In the early hours of 16 December, activist group Youth Equality Coalition (YEC) posted a statement to their Instagram page. It detailed the aftermath of a roadblock protest in which YEC have accused Northumbria police of having “violently assaulted” a child involved in the protest.
The protest was carried out in solidarity with eight members of the Filton 24 direct action group who are currently on hunger strike whilst in prison. Their basic rights – including the right to trial – are being denied to them.
YEC blockaded the Tyne bridge in Newcastle in order to raise awareness of the hunger strikers. They wore high-vis vests and keffiyehs, let off smoke canisters, and carried a banner reading “FREE THE HUNGER STRIKERS”.
Youth Equality Coalition speak out
However, YEC have reported that their protest met with brutality from the police. The statement itself began with the words “We are fucking furious”. It went on to explain that:
A child was violently assaulted by Northumbria Police. A child. Thrown into the back of a police car. Face slammed into the road. Dragged across the street in the rain. Forced into a soaking puddle like their body meant nothing. This was not policing. This was a violent assault on a child carried out by the state. This happened at a protest that blocked a highway in solidarity with hunger strikers. Hunger strikers the state is deliberately refusing to release. Hunger strikers the state is actively killing through slow, calculated neglect. When a government watches people starve and refuses to act, that is murder by policy. Free the hunger strikers now.
The government’s has held the anti-genocide prisoners in prison for more than a year without trial. Both parliamentary politicians and mainstream media like the BBCare currently holding a near-total silence on the topic of the hunger strike rather than address it.

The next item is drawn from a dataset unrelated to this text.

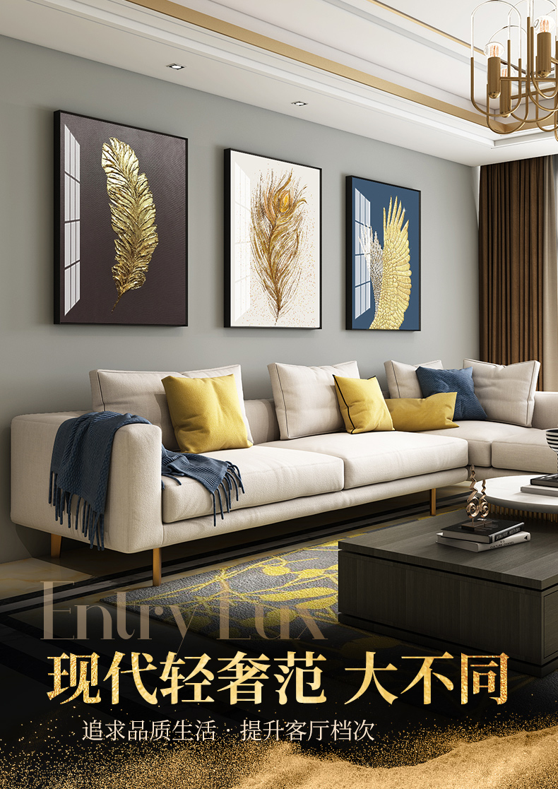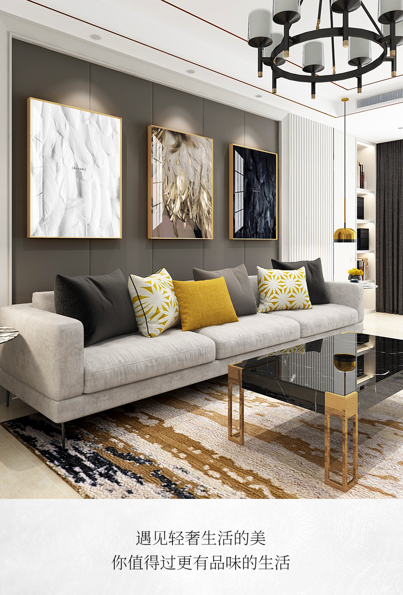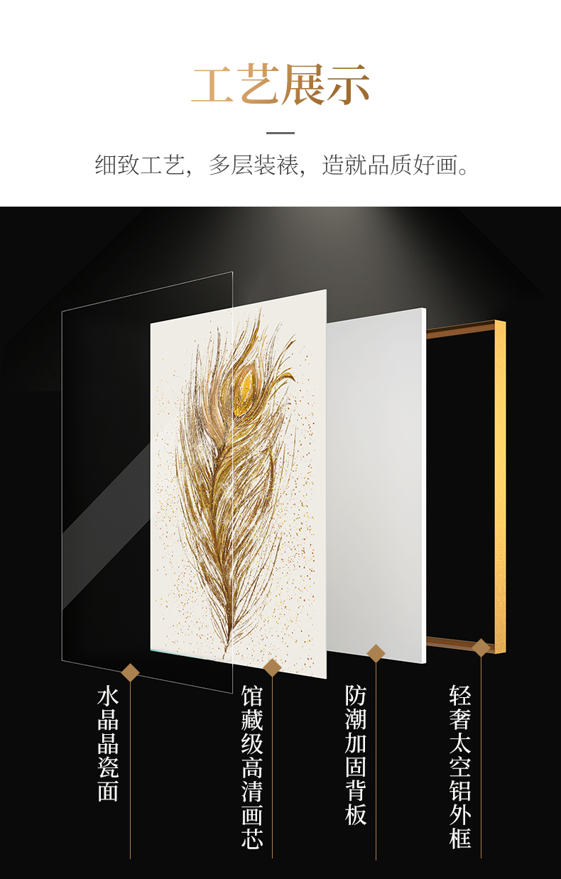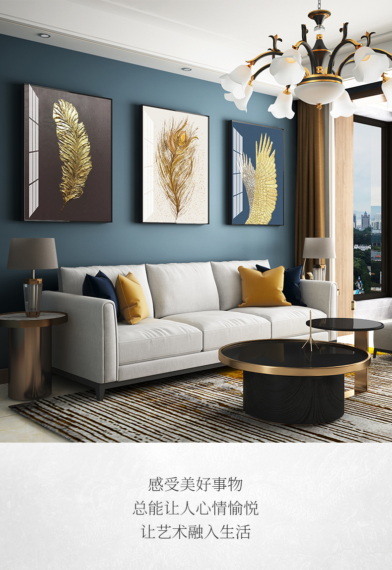 紀恒ふわふわリビングのソファーの背景壁の装飾画現代簡単な金色の羽画の抽象的な白黒の風の家庭の壁画芸術の晶磁画の別荘の豪華な壁壁の掛け絵A-飛鴻の羽-黒い枠の40*60 cm(2メートルぐらいのソファーに適しています)

Regarding the assault on yesterday’s protest, YEC’s statement goes on to state that:
This attack was targeted. It was racist. It was intentional. Police do not accidentally brutalise children. They choose who is disposable. They choose whose pain is acceptable. Northumbria police made that choice. This child was targeted for who they are and for standing in solidarity against state violence. You do not get to beat a child and hide behind uniforms, procedure and press statements. […] There is no legitimacy in a system that responds to hunger, protest and solidarity with fists, boots and cages.
‘Fuck the institution’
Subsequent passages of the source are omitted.